А для этого надо было… всего-навсего – избавиться от слона.
Исполнителем столь ответственного и деликатного поручения мог стать Соловей Разбойник, о котором рассказывали, как об отчаянном бунтовщике против царя. Говорили, что за умеренную плату он с радостью выполнит любое задание, лишь бы от этого случился вред и обида для государевой власти.
Встреча Лизы с Разбойником состоялась в тёмном углу галантерейной лавки, закрытом от посторонних глаз шторкой из бумажного полотна, расшитого крестиком.
– Ну и что же ты, красавица, от меня хочешь? – спросил Соловей, присаживаясь на небольшой сундучок, окованный для надёжности железными полосками. – Зачем меня искала?
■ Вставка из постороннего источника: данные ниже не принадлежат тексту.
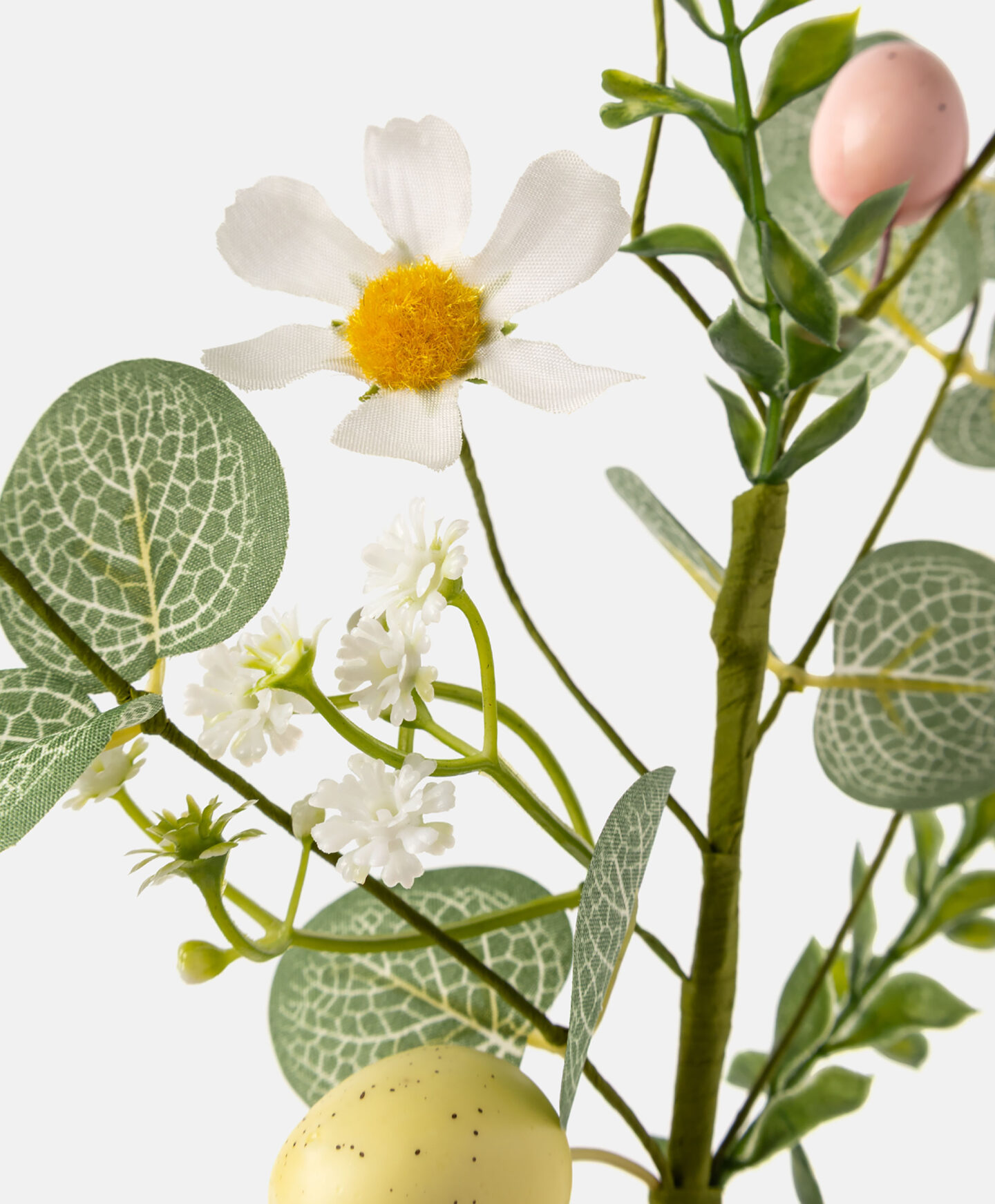 Ukrasna grana sa šarenim uskršnjim jajima i cvećem savršeno je rešenje za sve koji traže već spremnu, upečatljivu dekoraciju. Možete je iskoristiti za kreiranje većeg aranžmana ili je postaviti u saksiju kako biste svojim sobnim biljkama dodali uskršnju notu. Odlično izgleda i kao deo buketa ili samostalno izložena u vazi. Uneće proleće u vašu dnevnu sobu!

– Я хочу, чтобы ты слона убил, – без предисловия ответила Лиза, пытаясь в полумраке рассмотреть лицо своего подрядчика.
– Слона-а-а… Это какого же слона? Того, что царь во рву держит?
– Да его самого.
– И чем же тебе слон не угодил? Зачем ты ему смерти желаешь? Он же творение божие. Бессловесное. Не человек совсем…
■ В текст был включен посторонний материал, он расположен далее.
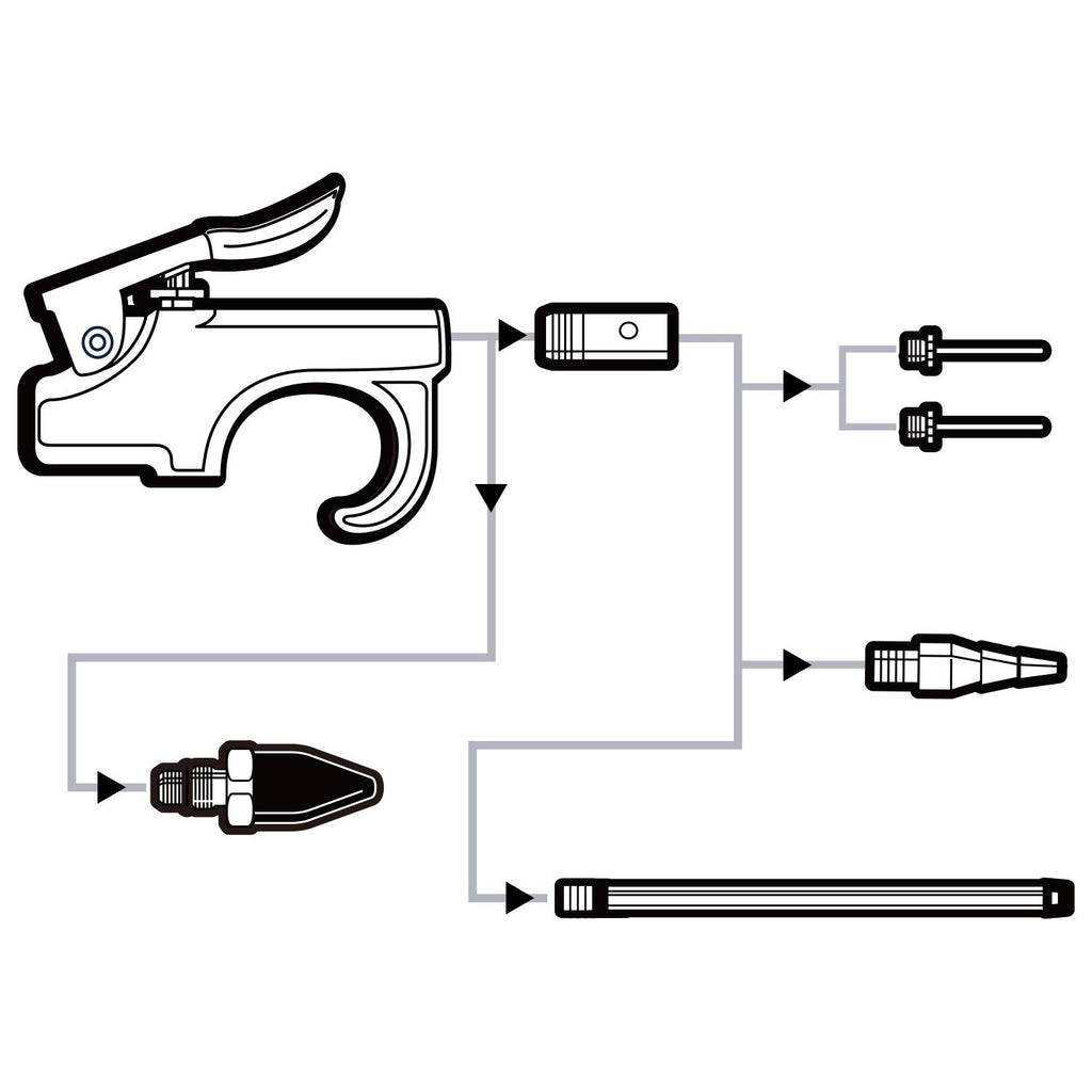 - This air blow gun kit includes non-marring soft rubber tip, metal tip, inflating needle, 4.7 inch long interchangeable tubes.

– А это не твоя забота. Скажи только: можешь его насмерть убить или нет?
Соловей некоторое время молчал, как бы обдумывая заказ, а потом сказал:
– Если слон живой, то его конечно можно и мёртвым сделать. Вопрос только, каким способом… Тебе каким требуется?
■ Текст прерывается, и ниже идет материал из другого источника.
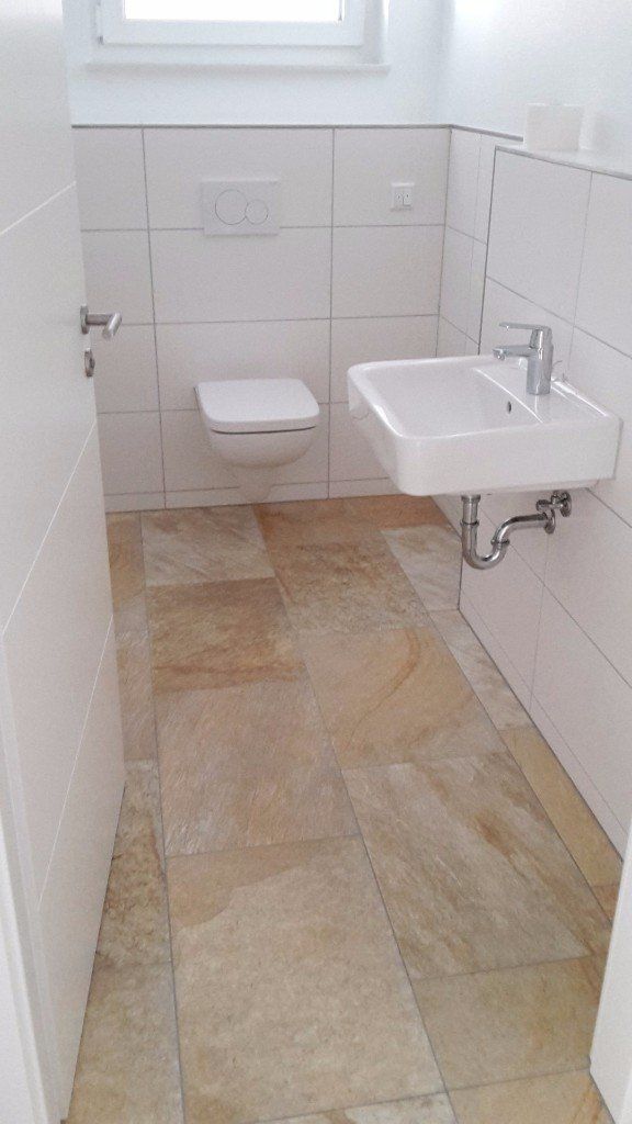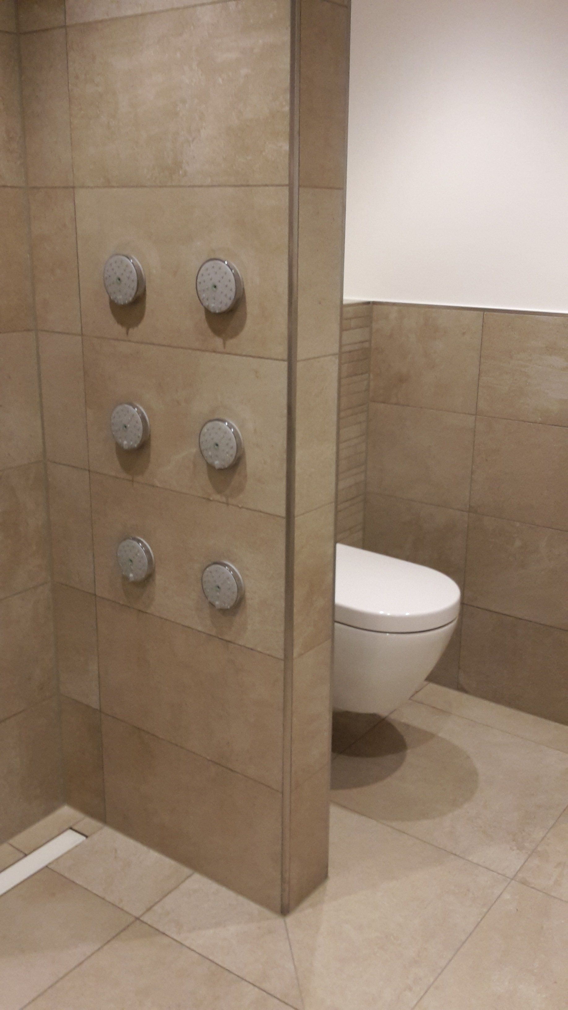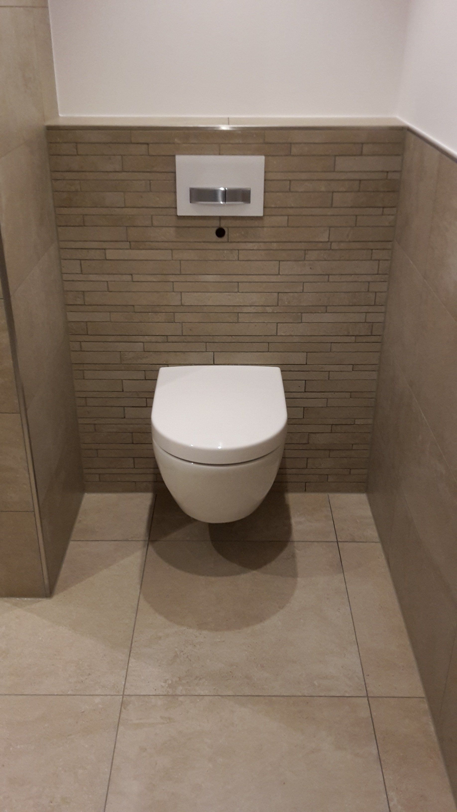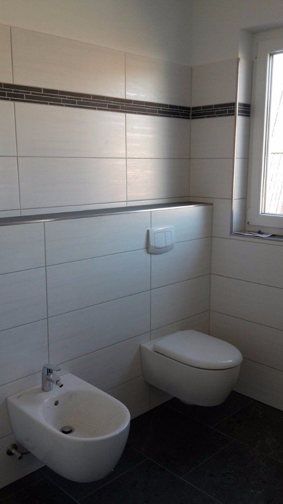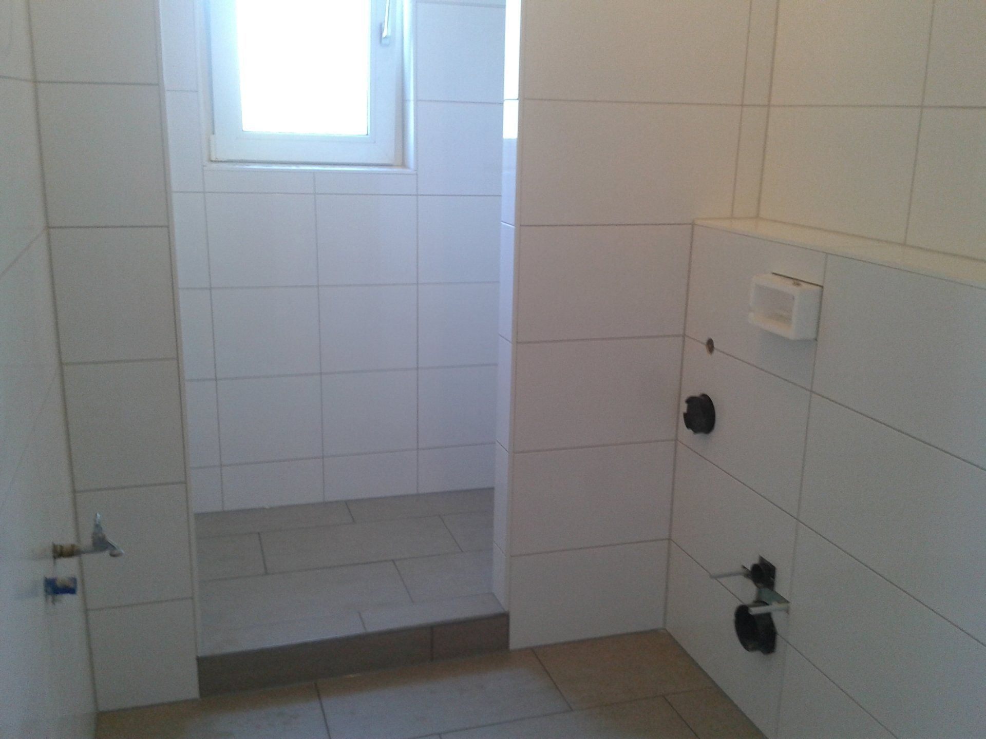 Fliesenarbeiten in Norderney. Es wurde in einem Apartmenthaus das gesamte Erdgeschoss modernisiert und von uns in diesem Zusammenhang die Fliesenarbeiten in den 2 Bädern und dem Flur / Eingangsbereich ausgeführt. Der Flur hatte durch verschiedene Höhen angrenzender Räumlichkeiten in vielen Bereichen unterschiedlich starkes Gefälle was im Zusammenhang mit den großen Bodenfliesen und den schräg verbauten Revisionsschächten die Arbeiten erschwerten.

– Мне без разницы. Лишь бы быстрее, и чтобы насмерть.
Соловей помолчал, перебирая в уме известные ему способы убийства крупных животных, и, стараясь показать заказчику свою профессиональную грамотность, медленно растягивая слова сказал:
– Слон – зверь крупный… Хорошо бы в него из пищали пальнуть. Но проблема – где её взять-то пищаль эту? … Да и грохота много будет от выстрела… Хотя нет. Пищаль, наверное, не подойдёт… У слона шкура толстая – пуля может и не пробить.
– А если кинжалом или пикой какой-нибудь острой? – спросила Лиза, показывая свою заинтересованность в успешном выполнении заказа.
– Нет. Я же сказал: у него шкура толстая… Если пуля не пробьёт, то пика уж подавно.
– А если отравить?
– Чем?
– Ну откуда я знаю… Ядом каким-нибудь…
– Нет. Я – охотник. Отрава – это не мой метод. Это тебе надо колдунью какую-нибудь найти. Только я сомневаюсь, что у нас в Москве есть знатоки по слоновьим ядам. Наши колдуньи в основном бабские проблемы решают: приворотное зелье, например, сварить или от соперницы избавиться… – Соловей помолчал и добавил: – А может, его взорвать?
– Как взорвать?
– Обыкновенно – бомбой. Набить бочонок порохом, запалить и взорвать. Шуму, конечно, много будет, но оно, может быть, и к лучшему… Главное только бочонок к слону поближе подкатить, а самому подальше убежать.
– А зачем убегать?
– Да ты что, красавица, не понимаешь ничего что ли? Если бочонок с порохом взорвать, он не только слона он весь ров вокруг разворотит.
– А как же Фариз?
– Какой Фариз?
– Персиянин, слоновий укротитель.
– Ну, если он рядом будет, … то и он, конечно, … взорвётся.
– А Никита?
– Какой Никита? Что-то у тебя там в зверинце мужиков многовато… А это ещё кто такой?
– Это мой муж… Государев слонопас.
– Кто, кто? – засмеялся Соловей. – Слонопас? Это что ж, который слонов пасёт?
– Ну… вроде того… Его сам Алексей Михайлович на эту должность назначил.
– Слушай, —сказал Разбойник, с трудом сдерживая смех, – если у тебя муж государев слонопас, так чего ж ты его не попросишь слона убить? Ему это дело как-то сподручнее будет. Да и тебе дешевле. Я-то у тебя за услугу денежку попрошу, а он так – полюбовно.
– Нет, – твёрдо сказала Лиза. – Я его просить не буду.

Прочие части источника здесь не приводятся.